There are three Slovakian men standing in my 3 feet by 5 feet kitchen as I write…TO FIX MY KITCHEN LEAK. I’ve called my landlord 3 times this week, and again, I had water in the corner every evening. I called again yesterday, asked for their fax number and told him every detail again…as he likes to rush me off the phone before I can explain how I’m not really lying about all of this. The landlord, we’ll call him “Ben,” gets on his walkie-talkie with the company they pay to fix leaks and explains, almost word for word what I told him…I almost fainted in shock. Though he did add a little snobbish remark at the end about getting this done already so that we can all just move on…why do I think he said that to spite me because he knew I could hear him? Well, I’ll take it that he’s finally getting as annoyed with this leak as I am and is finally gonna do his job and make sure that it gets done.

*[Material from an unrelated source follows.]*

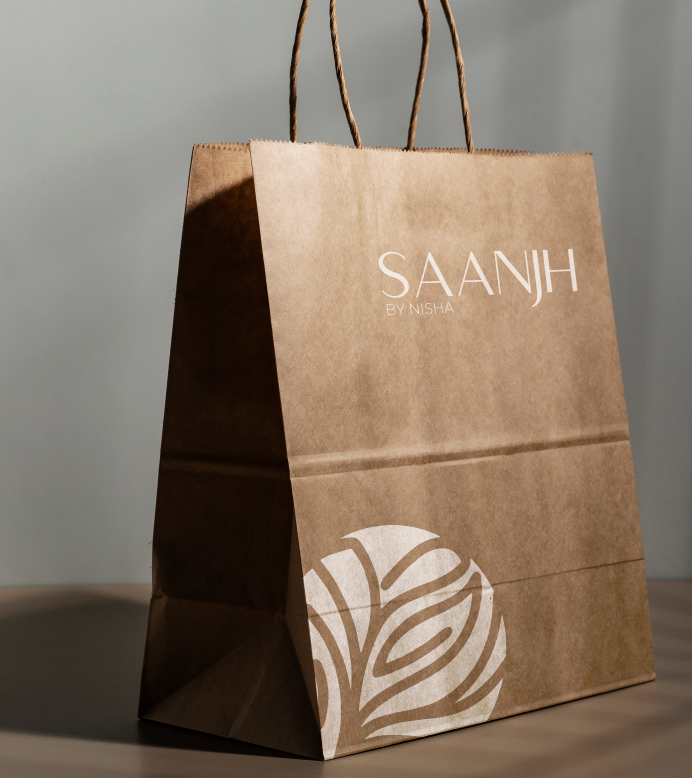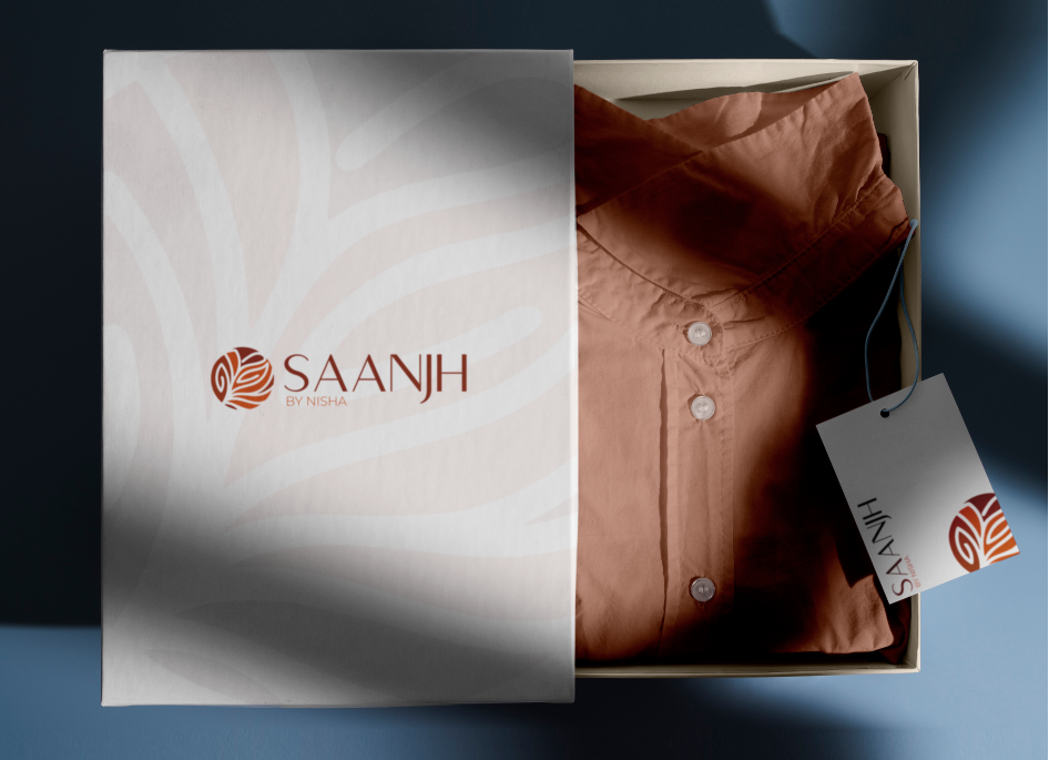 The logo is not just an emblem; it symbolizes ‘SAANJH’s’ values. Crafted with a vision for sustainable men’s fashion, it merges sophistication with environmental consciousness. We selected earthy tones to represent our commitment to nature, while abstract shapes of leaves were artfully incorporated to echo our brand’s connection to the environment.

Anyways, Landlord “Ben” gets back on the phone and tells me that the ‘fixers’ will call me later that night to schedule a time for them to come over. I said…fine. (in the back of my mind, i’m 30 seconds from faxing them a written statement that if they don’t have this fixed in 14 days (which really would add up 2 months and 14 days since this has been a problem since I moved in) I’m getting it fixed myself and taking the amount it costs out of my rent. I Do know a little about my tenant rights. So, I waited, NOT holding my breath, for the call later that afternoon.

9pm, I get the call…”will you be there at 9am tomorrow?” I say, yes…and they say they’ll be here.

9:35am this morning, they show up and (thank God) there was a small puddle in the corner of the kitchen. The thing is, it drains, and often in later morning/early afternoon, and so when they’ve been by before, it has ‘dried’ up. I use “ ” because it’s still damp, but there’s not a visible puddle, so they think I’m smoking crack cause there’s no puddle and leave. But that doesn’t mean that there’s no leak. HOWEVER, THIS MORNING. there was still a definite VISIBLE puddle and they were all like “oh my god”.

It’s now 10:30 am and they’re still working on it. Two of the men have now gone upstairs, I guess to check the other apartment for leaks. And the guy who’s in my kitchen is chatting with him in is native language hopefully discussing the next steps to take.

The only problem is that I’m STARVING and have zero food in the house…but I don’t want to leave while they’re here, so that I’m a)here if they have any questions, and b) so that I know exactly what time they leave and they can tell me when they’re coming back or any other important information so that they can’t use anything against me later on.
(though I guess it could be argued the fact that they’re speaking in a language that sounds like gibberish to me, I guess I don’t really know all that’s going on anyways.)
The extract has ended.